O'Connor says "the pupils had responsibility for everything and they had to make sure the produce was up to scratch for the Christmas craft fair". The school canteen also makes good use of it and has even sponsored plants, such as lettuce, to provide them with a ready supply. After contact with Agri-Aware, farm walks and talks became part of club activity.

O'Connor thought it "would be great to tie it all down" and so his short course was born this month, with an intake cap of 28 out of 72 first years. He says the main aim is to introduce students to agriculture, horticulture and self-sufficiency, and to develop an appreciation of the natural environment, with an eye on futures such as in agri-tourism.

There is a big cross-curricular link, such as with Business Studies and Home Economics. Last year, some kale and potatoes were transformed into colcannon and served up to 30 sixth years and their teachers.

To partner it, O'Connor also developed a Digital Technologies in Business course with a focus on life skills and how to be a good consumer.

Beech Hill College is in a part of Ireland with a concentration of cutting-edge manufacturing and engineering companies. The school was already offering a Transition Year module in Robotics and Programming and the flexibility offered by the new Junior Cycle got James O'Shea, a teacher of Construction, Design and Communications Graphics and Technology, thinking.

"We approached two local companies, Combilift and Errigal Contracts, and asked them to come and see what we were doing. They were eager to get involved and see could it be offered to other years," says O'Shea. "What really stood out to them was the skills the students were using. The way we were teaching promoted development of skills such as creativity, collaboration, critical thinking and problem solving, which married with what the Junior Cycle is trying to do."

And so the STEAM short course was conceived.
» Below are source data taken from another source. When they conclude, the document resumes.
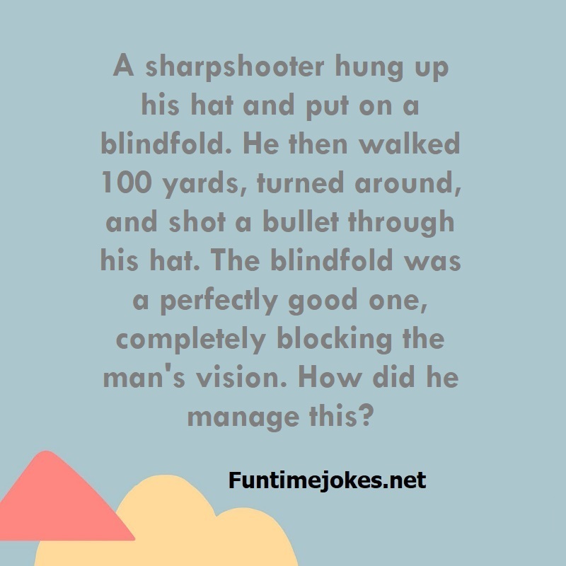 A sharpshooter hung up his hat and put on a blindfold. He then walked 100 yards, turned around, and shot a bullet through his hat. The blindfold was a perfectly good one, completely blocking the man's vision. How did he manage this? is one of the best riddle of the day.We have best collections of riddles, You can see our best collection of Tricky Riddles with Answer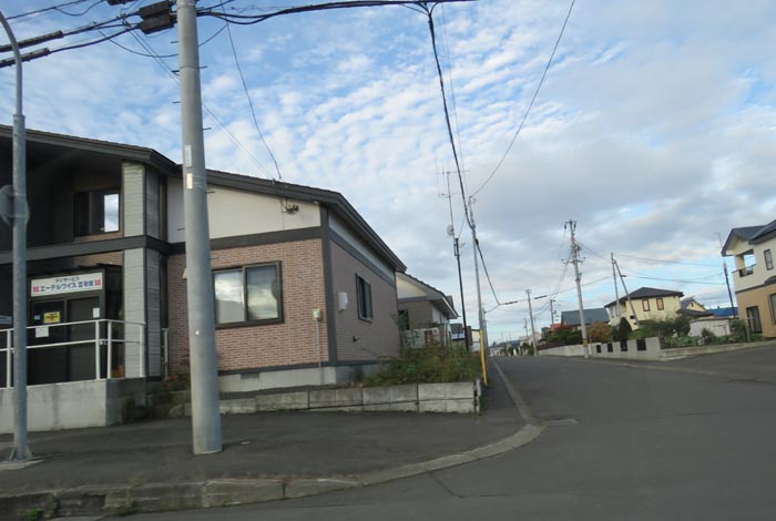 産岸通りから左折して西5号線のバス停前から北光通り方向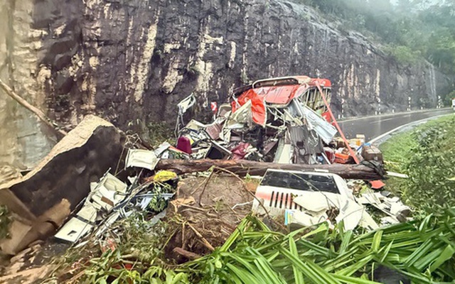 Hiện trường vụ sạt lở đè trúng xe khách trên đèo Khánh Lê vào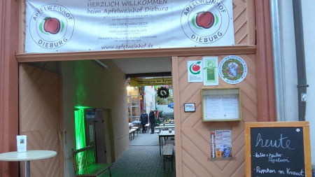 Das Tor zum Apfelweinhof ist einladend geöffnet.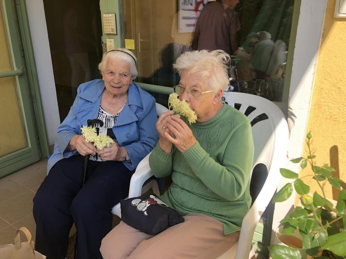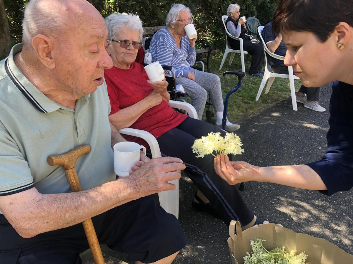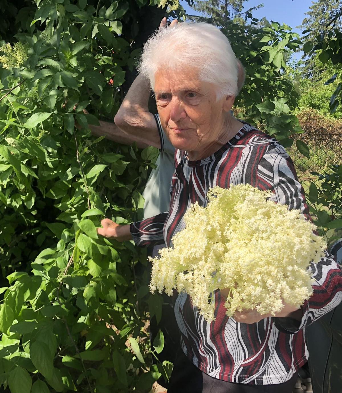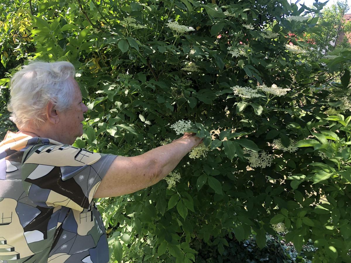 A ma reggeli áhítat után pedig az udvaron található néhány bodzabokrot is leszüreteltük. A könnyen elérhető virágokat villámgyorsan leszedték a szépkorúak, a magasabban lévőket pedig teleszkópos metszőolló segítségével sikerült elérni. A bodzaszedés igazi csapatmunka volt, a munka jutalma a virágokból készült szörp lesz. Meleg nyári napokon kiváló hűsítő készül majd belőle a Túróczy Zoltán Szeretetotthon, és a Johanneum lakói számára.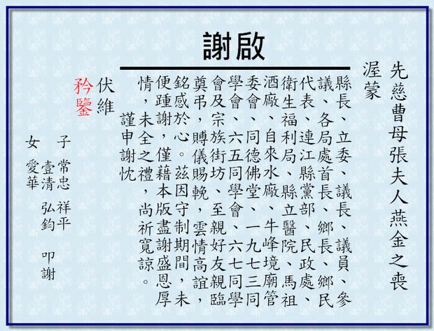 先慈曹母張夫人燕金之喪謝啟

The two companies have supported the kit-out of a state-of-the-art 'innovation space' in the school.

English and Media Studies teacher Shauna Foster had been trialling a Film Making course and the potential symbiosis saw the courses developed and offered as a joint option for first years this September.

Beech Hill already has a rich film culture. Foster was working with the Irish Film Institute for the past couple of years and consulted with them. "It was always the goal to deliver a short course," she says.
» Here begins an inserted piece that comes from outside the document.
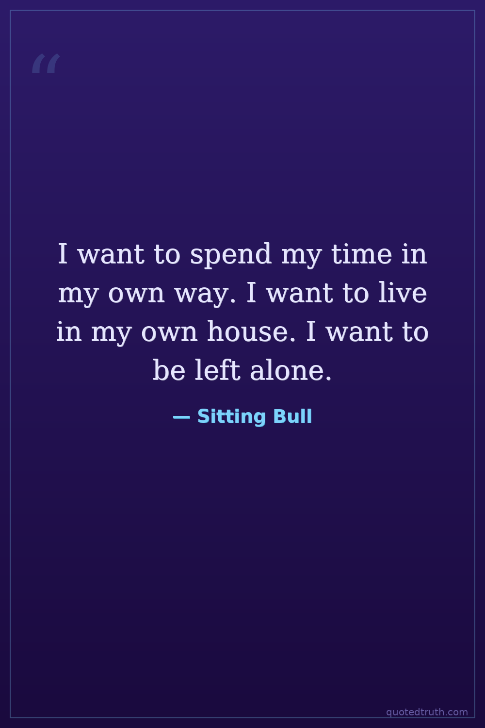 I want to spend my time in my own way. I want to live in my own house. I want to be left alone.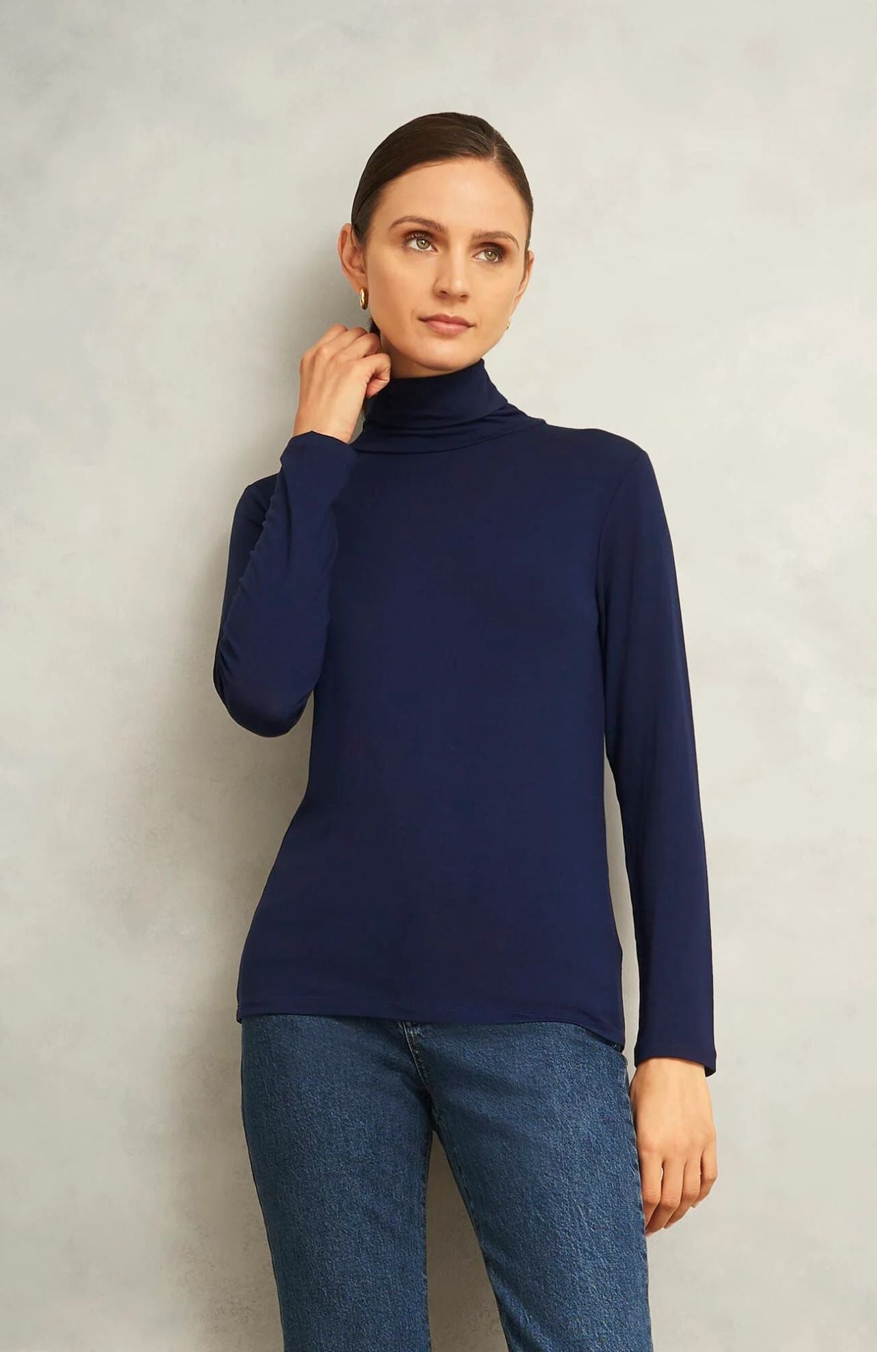 Hobbs Mischa Roll Neck Long Sleeve Top Navy

Combilift managing director Martin McVicar describes the STEAM course as an excellent example of how industry can work with schools to identify the skills in demand in an area and provide support in the delivery of what are essential skills for engineering, as well as in other aspects of their studies.
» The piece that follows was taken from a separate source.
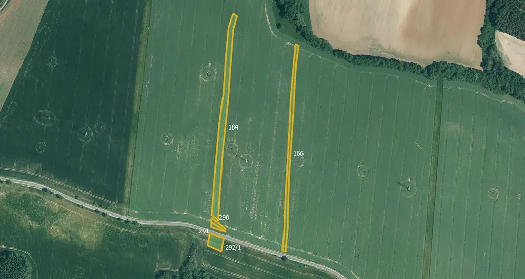 Nabídka zahrnuje následující parcely: 166, 184, 290, 291, 292/1 a 382/2.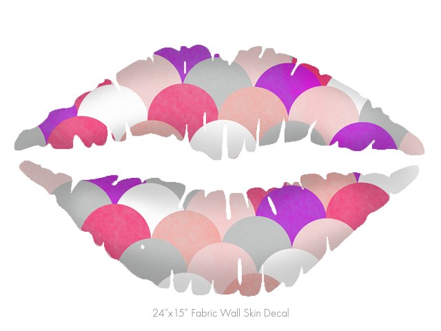 Brushed Circles Pink - Kissing Lips Fabric Wall Skin Decal measures 24x15 inches

At CBS Roscommon, business teacher Orla O'Connor developed a Level 2 short course in Culture and Heritage for pupils in their ASD classes.

Now in its second year, it engages students in local heritage and culture, but also explores the ethnic diversity of pupils, through food and music.

Meanwhile, Dublin's Airfield Estate has developed a short course called Food: From The Ground Up and aims to make it available to schools in September 2020.

It was driven by their mission to inspire and enable people to make better food choices. It has been created by Airfield Head of Education and Research Dr Kirstie McAdoo, with the help of the NCCA and the principal of nearby Wesley College, Chris Wood,

They undertook research in conjunction with UCD's Nutrition and Dietetics Department to explore the Irish experience and understand food and its provenance.

Airfield's Niamh Potter says they found "a large disconnect in people from their food and began looking for a way to positively influence and nurture their food experiences. The new Junior Cycle offers the opportunity for schools to combine a number of learning experiences from a number of subject specifications into experiential learning in the short courses and we hope to help them do that".